LASSO for general likelihood I just wonder, if it makes sense and if there is something written on the LASSO for a general parametric models, not just for linear and general linear models?
I mean if it makes sense to maximise the $l_{1}$-penalised likelihood?   
 A: Yes, $\ell_1$ regularization (as used by lasso) can be applied to other models too. As always, whether this will work well depends on the problem.
In the context of linear regression, the lasso estimate of the coefficients is equivalent to the maximumum a posteriori (MAP) estimate assuming a Gaussian likelihood function and a Laplacian prior on the coefficients. This follows from the fact that the squared error term in the lasso cost function is proportional to the negative log of a Gaussian likelihood function. And, the lasso penalty term is proportional to the negative log of a Laplacian prior. So, minimizing the sum of the error and penalty terms is equivalent to maximizing the product of the likelihood and prior. A similar argument can be made for $\ell_1$ penalized logistic regression--this also corresponds to MAP estimation with a Laplacian prior on the coefficients.

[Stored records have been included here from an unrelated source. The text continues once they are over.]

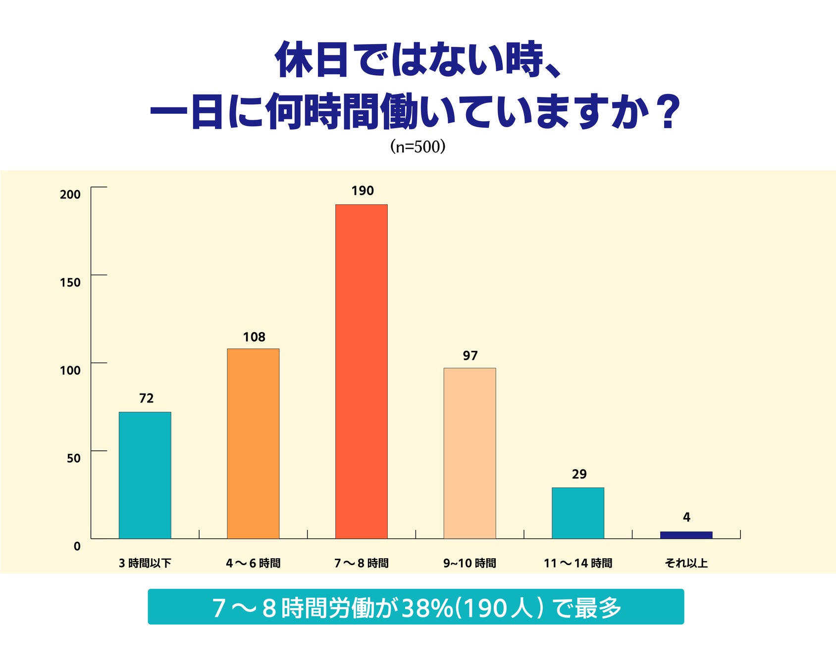 法定労働時間のラインとなる8時間近く働いている労働者は、全体の38%(190人)でした。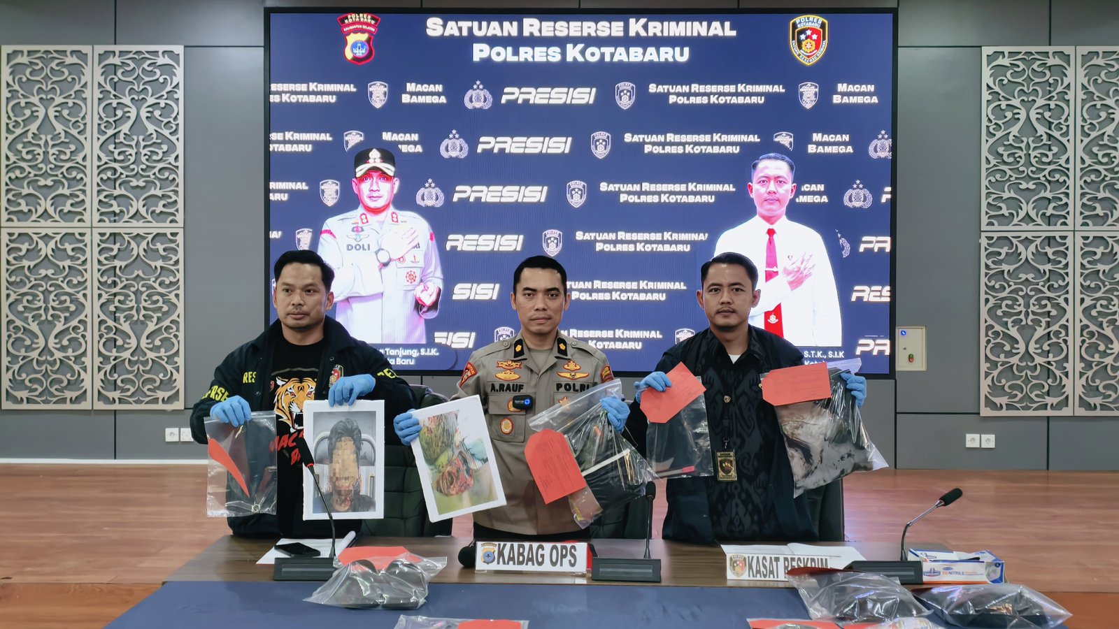 Keterangan Gambar : Tim Polres kotabaru saat menunjukan pelaku dan barang bukti kepada awak media pada pres release, Jumat (26/9/2025).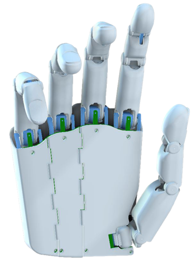 Investigadores de la Universidad Politécnica de Madrid han desarrollado nuevos conceptos de diseño para integrar la mecánica y la electrónica dentro de la mano de un robot humanoide, que permite una comunicación más amigable con los humanos y favorece su interacción social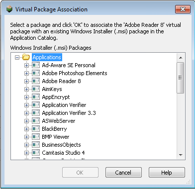 If you right-click on a virtual package in the Application Catalog tree and then select Associate Package from the shortcut menu, the Virtual Package Association dialog box opens, listing all of the Windows Installer packages in the Application Catalog. Select the virtual package’s source Windows Installer package and click OK . The Windows Installer package will now be listed in the Associations field on the Package Information tab of the Home Deployment Type View for the virtual package.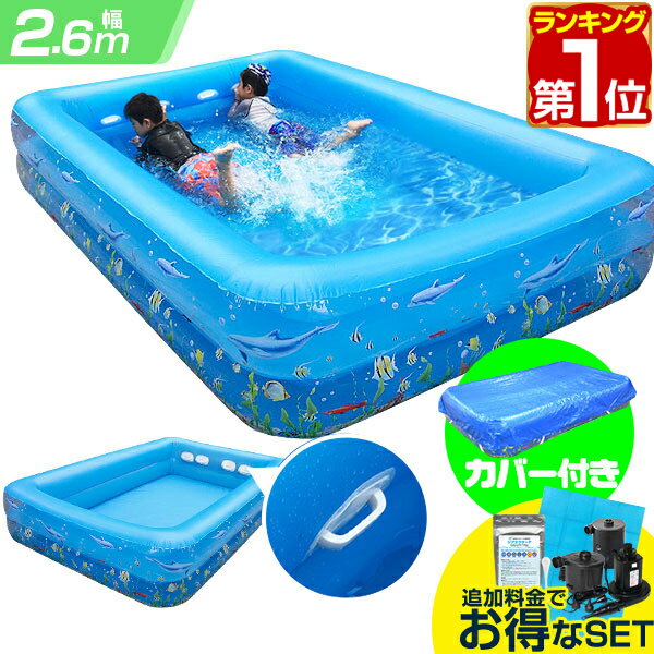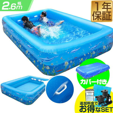 【楽天1位】プール 大型 2.6m ハンドル & プールカバー 付き ビニールプール ファミリープール 幅 260cm x 奥行き 170cm x 高さ 45cm 庭 ベランダ 除菌剤 消毒 電動ポンプ 空気入れ バタ足 練習 水泳 水あそび 家庭用プール 子供用プール 1年保証 ★[送料無料][あす楽]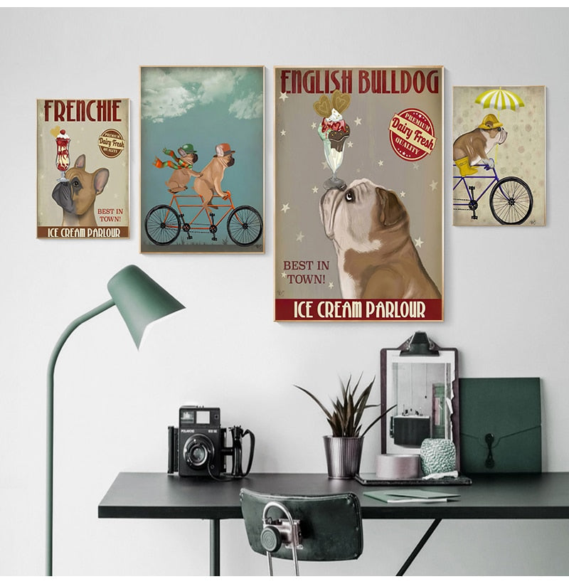English Bulldog Ice Cream Dog Painting Canvas Pictures for Living Room Dog Bicycle Wall Art Retro Posters and Prints Quadros

This concept can be generalized to other models: simply perform MAP estimation with a Laplacian prior on the parameters. As in the case of least squares and logistic regression, the Laplacian prior encourages parameters to be sparse as a consequence of the sharp peak at zero and heavy tails.
Suppose we have data $D$, parameter vector $\theta \in \mathbb{R}^m$, likelihood function $p(D \mid \theta)$, and Laplacian prior $p(\theta \mid \lambda)$ (whose width is governed by $\lambda$). Then the MAP estimate is:
$$\underset{\theta}{\text{argmax}} \enspace
p(D \mid \theta) \ p(\theta \mid \lambda)$$
This is equivalent to minimizing the negative log likelihood with an $\ell_1$ penalty:
$$\underset{\theta}{\text{argmin}}
\ -\log p(D \mid \theta) + \lambda \|\theta\|_1$$